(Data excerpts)
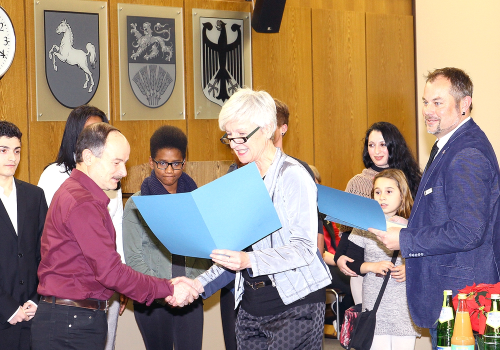 Steinbrügge zitierte Arawat Sabejew, einen in Kasachstan geborenen Ringer, der später Deutscher wurde: Deutschland ist kein Traumland, aber ein Land, wo man seine Träume erfüllen kann. "Nutzen Sie das, bringen Sie sich ein und erfüllen Sie sich ihre Träume", ermunterte die Landrätin.
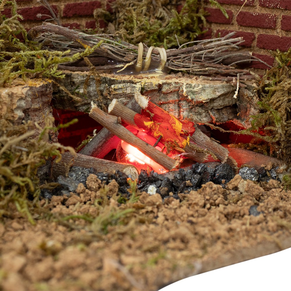 Fuoco per ambientazione presepe, realizzato con luce led che simula il fuoco.
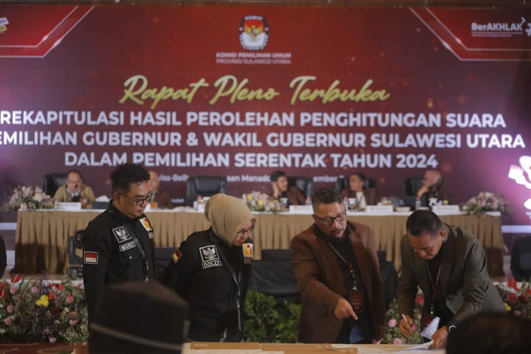Hasil rekapitulasi itu dituangkan dalam Keputusan KPU Sulut Nomor 866 Tahun 2024 tertanggal 7 Desember 2024, tentang Penetapan Rekapitulasi Hasil Penghitungan Perolehan Suara Pilgub 2024. Penetapan dilakukan rapat pleno terbuka yang dipimpin Ketua KPU Sulut Kenly Poluan.
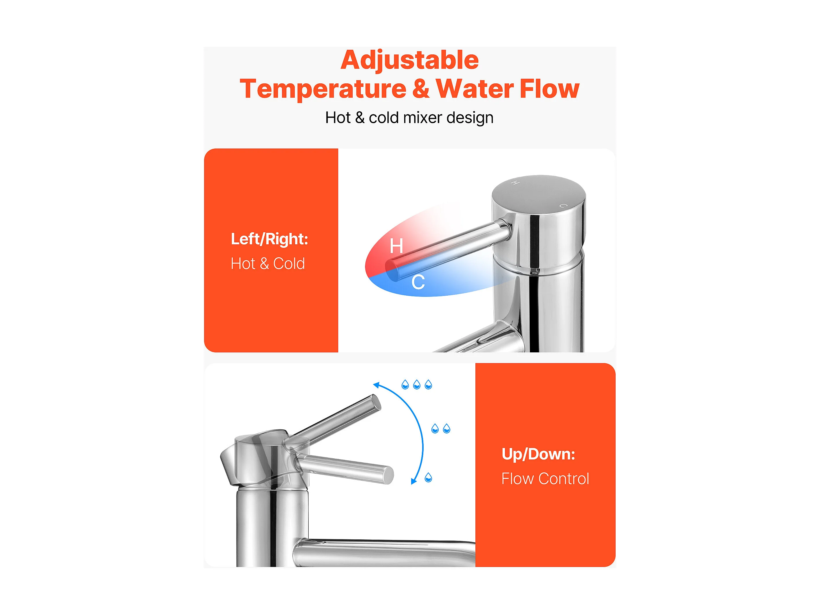 STKS Cecipa max Waterval Wastafelkraan, Wastafelmengkraan met enkele handgreep, Warm en Koud Water, Chroom!, EU-model
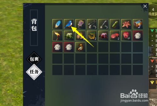 获得物品后,点击打开背包。
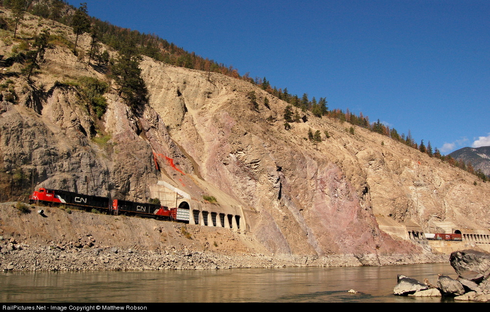 A CN westbound freight makes its way through a series of tunnels along side the Thompson River
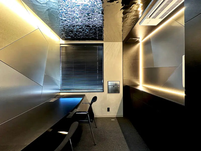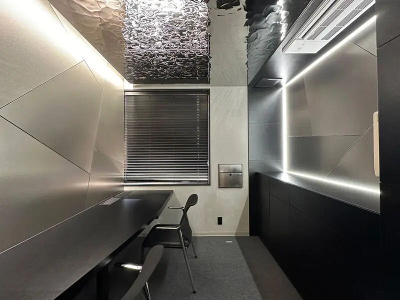 This metallic material is not merely a mirror, but a spatial accent woven from the interplay of light and shape.
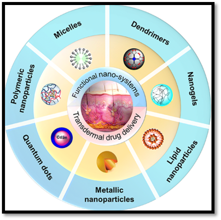 Figure no.6: Classification of functional nanosystems—such as micelles, dendrimers, nanogels, lipid, polymeric, metallic nanoparticles, and quantum dots—used in transdermal drug delivery applications.
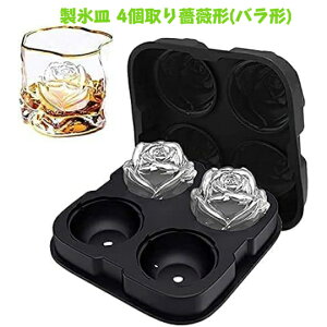 製氷器 製氷皿 バラ型 薔薇型 ローズ型 4個取り シリコン アイスボール 大きい氷 取り出しやすい

◆ ACTIVITY ◆
An answer that restates all the entries exactly and drops the images is what is needed.

◆ OUTPUT ◆
 Steinbrügge zitierte Arawat Sabejew, einen in Kasachstan geborenen Ringer, der später Deutscher wurde: Deutschland ist kein Traumland, aber ein Land, wo man seine Träume erfüllen kann. "Nutzen Sie das, bringen Sie sich ein und erfüllen Sie sich ihre Träume", ermunterte die Landrätin.
 Fuoco per ambientazione presepe, realizzato con luce led che simula il fuoco.
Hasil rekapitulasi itu dituangkan dalam Keputusan KPU Sulut Nomor 866 Tahun 2024 tertanggal 7 Desember 2024, tentang Penetapan Rekapitulasi Hasil Penghitungan Perolehan Suara Pilgub 2024. Penetapan dilakukan rapat pleno terbuka yang dipimpin Ketua KPU Sulut Kenly Poluan.
 STKS Cecipa max Waterval Wastafelkraan, Wastafelmengkraan met enkele handgreep, Warm en Koud Water, Chroom!, EU-model
 获得物品后,点击打开背包。
 A CN westbound freight makes its way through a series of tunnels along side the Thompson River
 This metallic material is not merely a mirror, but a spatial accent woven from the interplay of light and shape.
 Figure no.6: Classification of functional nanosystems—such as micelles, dendrimers, nanogels, lipid, polymeric, metallic nanoparticles, and quantum dots—used in transdermal drug delivery applications.
 製氷器 製氷皿 バラ型 薔薇型 ローズ型 4個取り シリコン アイスボール 大きい氷 取り出しやすい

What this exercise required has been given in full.